John Piper (1946 - Present)

is a Calvinistic Baptist Christian preacher and author currently serving as Pastor for Preaching and Vision of Bethlehem Baptist Church in Minneapolis, Minnesota. His books include ECPA Christian Book Award winners Spectacular Sins, What Jesus Demands from the World, Pierced by the Word, and God's Passion for His Glory, and bestsellers Don't Waste Your Life and The Passion of Jesus Christ. The evangelical organization Desiring God is named for his book Desiring God: Meditations of a Christian Hedonist (1986).

In 1980, after what he described as an "irresistible call of the Lord to preach", Piper became Pastor of Bethlehem Baptist Church in Minneapolis, Minnesota, where he has been ministering ever since. Piper hit the evangelical scene after the publication of his book Desiring God: Meditations of a Christian Hedonist (1986) and has continued to publish dozens of other books further articulating this theological perspective. In 1994, he founded Desiring God Ministries, which provides all of Piper's sermons and articles from the past three decades, and most of his books online free of charge, as well as offering for sale books, CDs, and DVDs and regularly hosting conferences.

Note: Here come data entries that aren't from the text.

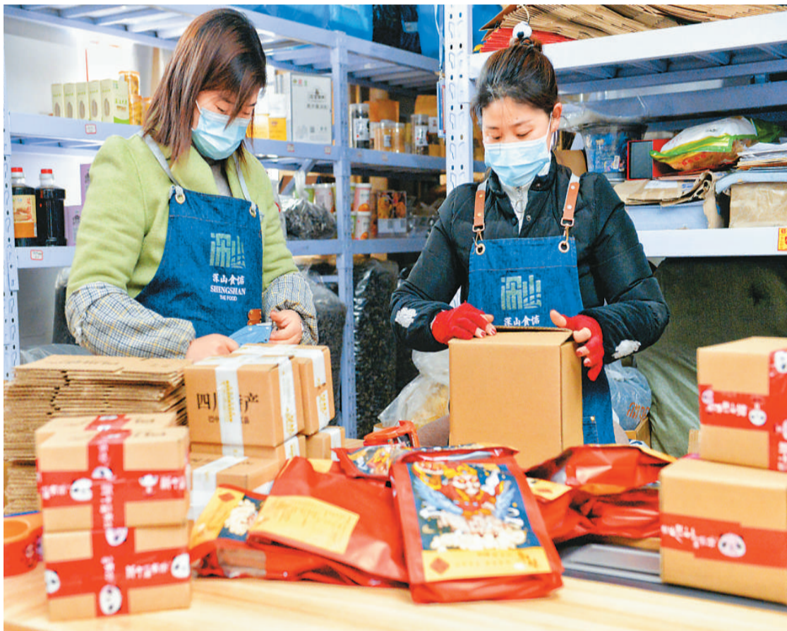
四川省巴中市通江县以“线上带货、线下展销”等销售模式，拓宽农产品市场营销渠道，助力乡村振兴。图为3月2日，通江县壁州创客一家电商企业员工正在打包农产品，通过物流销往外地。
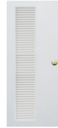
T 7 สีขาว เกล็ดข้างตลอดบาน
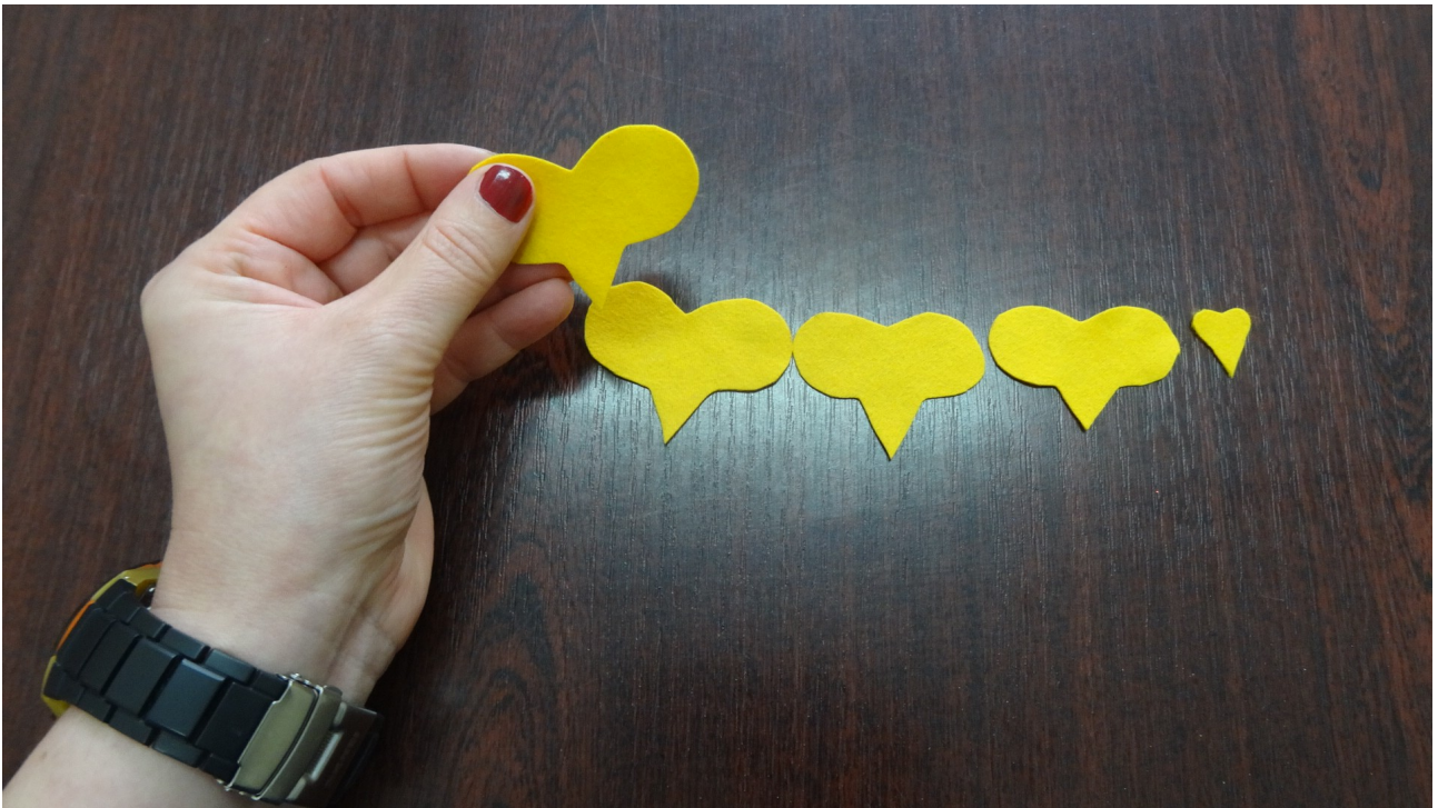
Krok 1 B
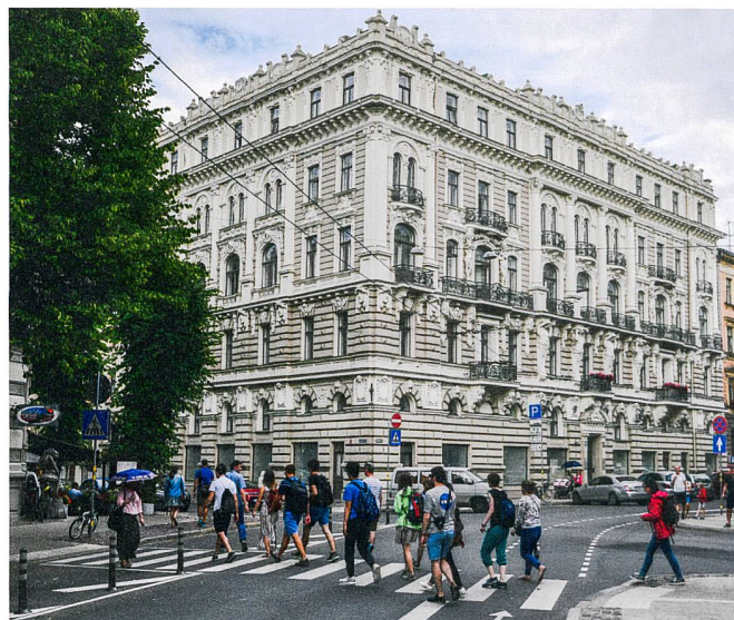
Abb. 4: Stadtrundgang Rīga.
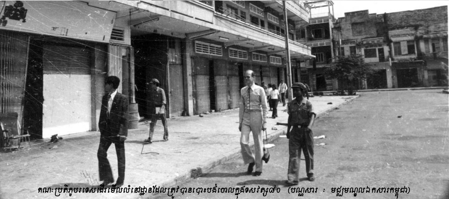
គណៈប្រតិភូបរទេសដើរមើលលំនៅដ្ឋានដែលត្រូវបានបោះបង់ចោលក្នុងទសវត្ស៧០
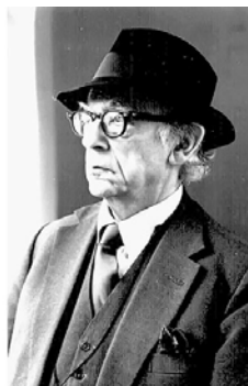
Isaija Berlin je mislioce delio na ježeve i lisice
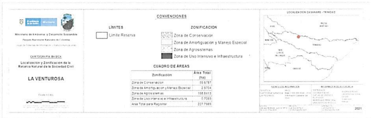
Figura 6. Zonificación para la RNSC "LA VENTUROSA".
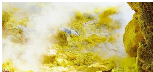
Gambar 10. Sulphur

Simbol satanisme yang kesembilan adalah sulphur atau belerang. Belerang adalah simbol satanisme yang melambangkan persatuan antara manusia dan setan. Belerang juga disebut sebagai unsur naluri setan. Simbol sulphur dapat dilihat sebagai berikut.
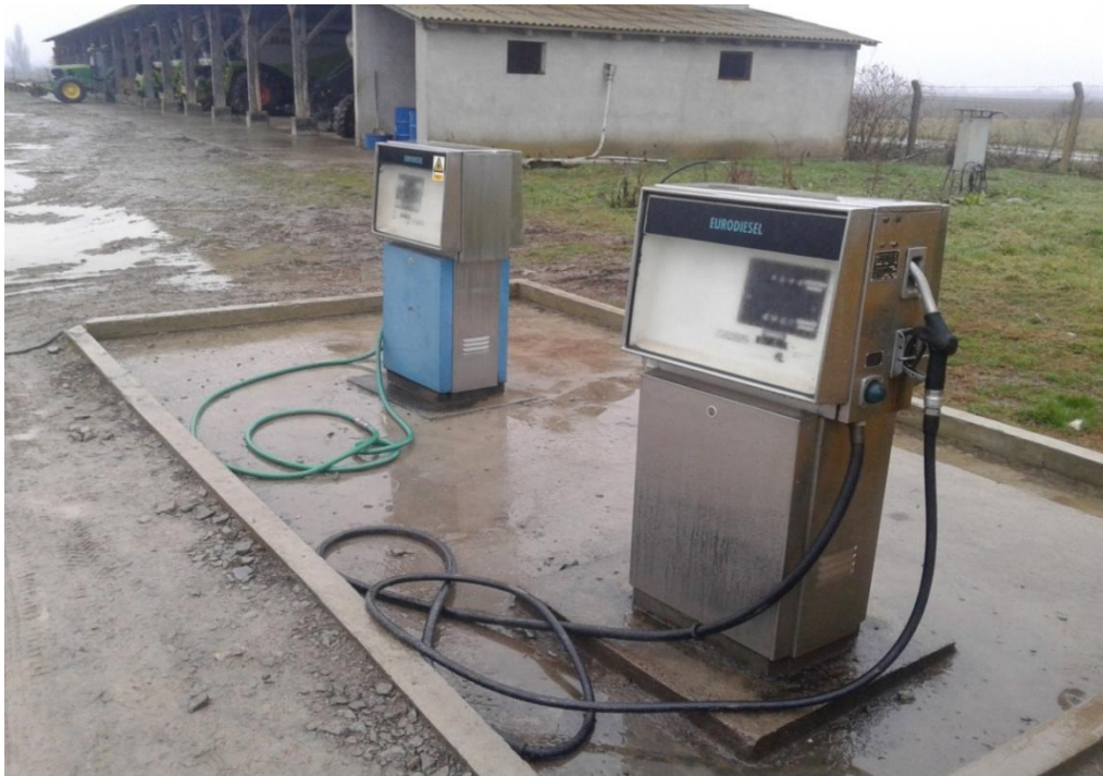
Slika 2. Stanica za točenje goriva

Svako ekonomsko dvorište opremljeno je i stanicom za točenje goriva, slika 2.
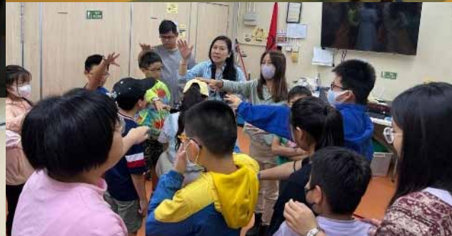
FAITHFUL TEENS 信心營 (P.4-P.6)
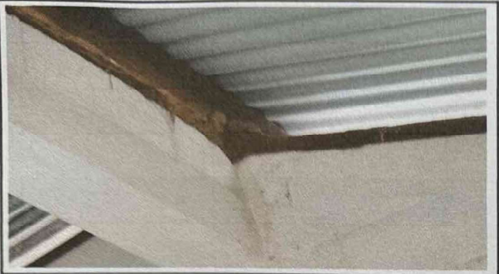
Foto1: Sustrucion de carga lamina por costanera
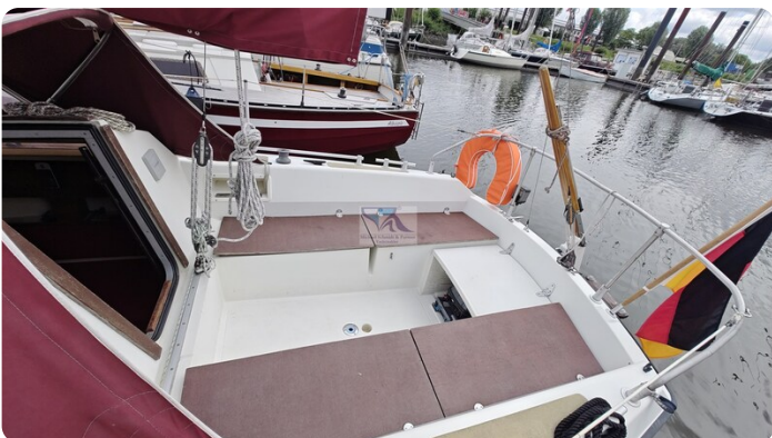
Etap 23i 25
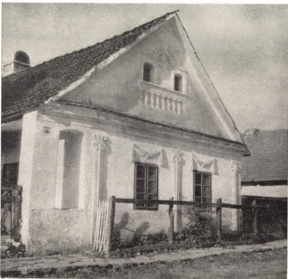
15. ábra. Udvarház. Perkupa, Borsod-Abaúj-Zemplén m. Kisnemesi udvarház barokkos és copf jellegű homlokzata. Ép. : 1850 körül.

Hasonlóan több változat — stílusbeli eltérés, stílusbeli sajátosság — figyelhető meg a fatemplomok és a faharanglábak, a faharangtornyok alakításában, ami az egymástól eltérő, vagy korszakonként is változó stíuselemek szerves alkalmazását, vagy sok esetben egymástól függetlenül is, azonos felfogásban őrizte meg, minden eltérő etnikai sajátosság mellett. A szlovákiai, a magyar, a román fatemplomok, egyházi épületek faalkatrészeinek ismerete ezt az alapvetően közös vonást, a népnagyomány rendkívül konzerváló erejét, megtartó erősségét bizonyítja. 7 Annál is inkább, mivel „... az etnikum — (a népi építészet) — legkorábbi szakaszára származása vet világot. A „szárma-
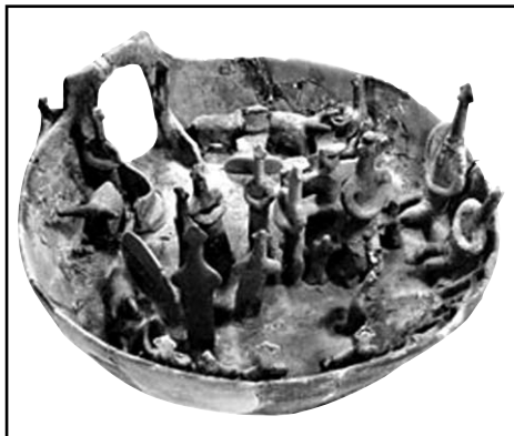
Обр. 6. Култова сцена от некропола при Вунус на о-в Кипър (по Karageorgis V. 1989. The Cyprus Museum)

• Условността и статичността на образите (и евентуалните движения?) съответно обуславят и силно хипотетичния характер на предположенията за това, дали в случая е направен опит да се предаде кръгов танц или статична поза, заемана в ритуала. Паралелите разбира се са кос-
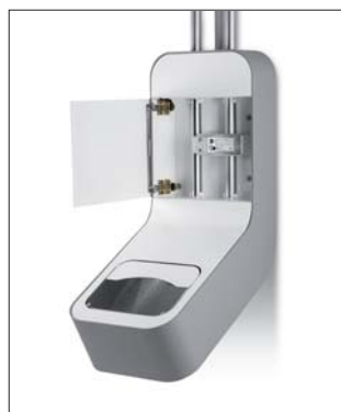
Prijímacia priehradka s brzdou

John Stephen Piper is a Reformed and Baptist theologian, preacher, and author, currently serving as Pastor for Preaching and Vision of Bethlehem Baptist Church in Minneapolis, Minnesota. He is the author of numerous books.

Piper's motto in ministry, preaching, and teaching is: "God is most glorified in us when we are most satisfied in him." He calls those who live out this motto Christian Hedonists. Piper places a heavy emphasis on the objective and absolute nature of truth and is confident in the Christian's ability to grasp that truth through the guidance of the Holy Spirit.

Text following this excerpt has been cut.